Memandangi langit adalah caraku menikmati kesendirian. Ia begitu sunyi, luas, dan begitu tenang dalam menyimpan ceritanya sendiri.
Ya, dari langit itu aku belajar menghargai rasa sunyi dan sepi. Tidak selalu aku akan bersama orang yang kupilih. Tidak selalu orang yang kupilih juga memilihku. Terkadang Tuhan membuat apa-apa yang begitu kita sayang pergi, bukan karena Tuhan tidak peduli. Bukan. Tuhan bahkan lebih peduli melebihi diri kita sendiri.

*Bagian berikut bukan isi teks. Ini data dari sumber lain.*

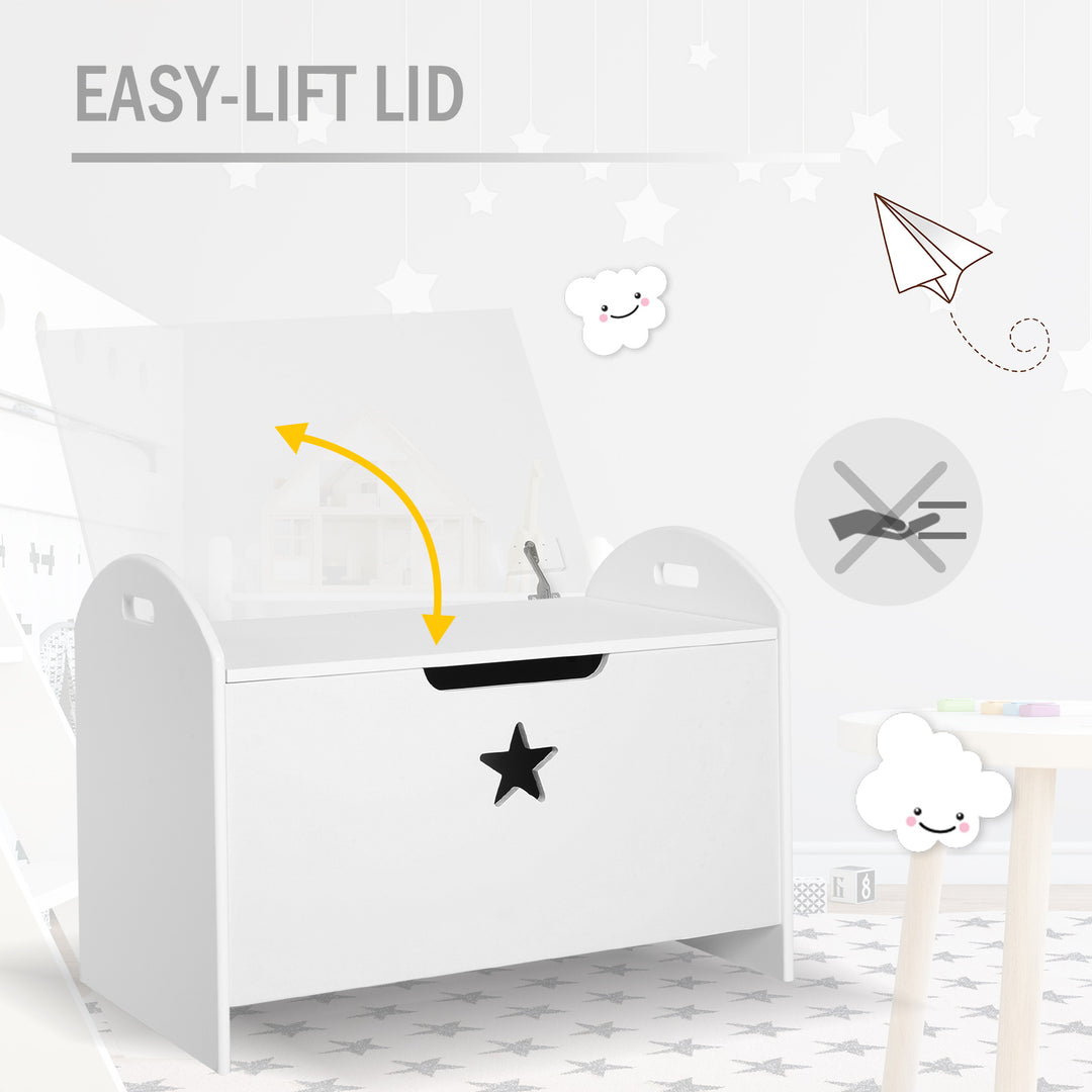 Made from MDF and crafted into a spacious 46.5 x 62cm design, this fresh white storage box is the perfect addition to your child's room to store all their toys, books and odd bits and bobs. Sturdy in construction to suit children of all ages, it features a handle-style groove and safety hinge to lift the lid up easily and keep it in place, two handles for easy carrying and an elevated base for extra protection to the box. Finished with a cut-out star on the front for extra character.

Pun dengan saat ini, Tuhan menghadiahkan kesendirian untukku, memberikan sebuah rasa sunyi agar aku menjenguk diriku sendiri. Tuhan membiarkan aku melihat bayanganku sendiri, kesedihanku sendiri, dan menikmati kesakitan seorang diri.

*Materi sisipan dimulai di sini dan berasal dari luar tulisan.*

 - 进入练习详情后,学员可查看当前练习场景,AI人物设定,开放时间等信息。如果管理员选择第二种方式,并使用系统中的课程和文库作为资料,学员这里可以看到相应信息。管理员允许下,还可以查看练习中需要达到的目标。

Langit juga membuatku memahami makna dari kata “rela”. Bahwa apa yang ada bersama denganku, tak mesti selamanya. Semua ada masanya. Tanpa kuduga, tanpa aku pinta, masa itu akan tiba dan tidaklah sedikitpun aku akan dapat menolaknya. Siap ataupun tidak, aku tidak bisa mengaturnya seperti yang menjadi harapanku.
Yang aku tahu adalah mentari bahkan selalu kembali esok hari, setelah kemarin menenggelamkan diri. Seperti selalu bersedia memaafkan meski berulang kali terlukai.
Ya . . . begitulah cara langit dalam mengajariku untuk terus memiliki harapan.
Dalam sendiri aku berbisik pada semesta : Jika kelak kamu adalah takdirku, kamu pasti akan dikembalikan padaku dengan cara yang begitu istimewa. Jika tidak, disinilah aku belajar melepaskanmu, menenggelamkan segala angan dan harapanku atas kamu di batas cakrawala.